Es geht um viel dieses Wochenende - am wenigsten aber um den Sieg

So wie Arriens sehen es auch einige Länderfürsten beim DTB, der Ärger schwelt innerhalb des Verbandes weiter. „Die Art, wie die Trennung von Arriens vollzogen wurde, schreit zum Himmel“, monierte Ulrich Lange, Präsident des Württembergischen Tennis Bundes, und stellte für die außerordentliche Mitgliederversammlung am Samstag in Frankfurt einen Antrag zur Abwahl Hordorffs, der als Zuständiger für den Leistungssport bei der Entlassung federführend war. „Ich sehe dem entspannt entgegen“, konterte Hordorff, „aber ich werde die Namen derer nennen, die den Antrag unterstützen.“

Hordorff kennt sich aus in Machtspielchen und persönlichen Grabenkämpfen.
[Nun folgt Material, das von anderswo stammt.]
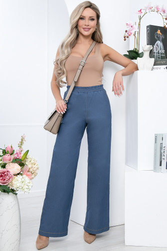 Современная женщина мечтает сделать свой гардероб не только стильным, но и максимально комфортным. Именно поэтому широкие брюки должны быть у каждой модницы. Они отлично смотрятся с футболками или топами. Талия на резинке.

Und so rückt das Sportliche in den Hintergrund. Die Arena ist beinahe ausverkauft, die Fans sind offenbar bereit, zu vergeben und zu vergessen. Doch auch die leisesten Misstöne würden wohl ein erneutes Pfeifkonzert provozieren. Es geht um viel an diesem Wochenende. Am wenigsten um einen Sieg gegen Frankreich.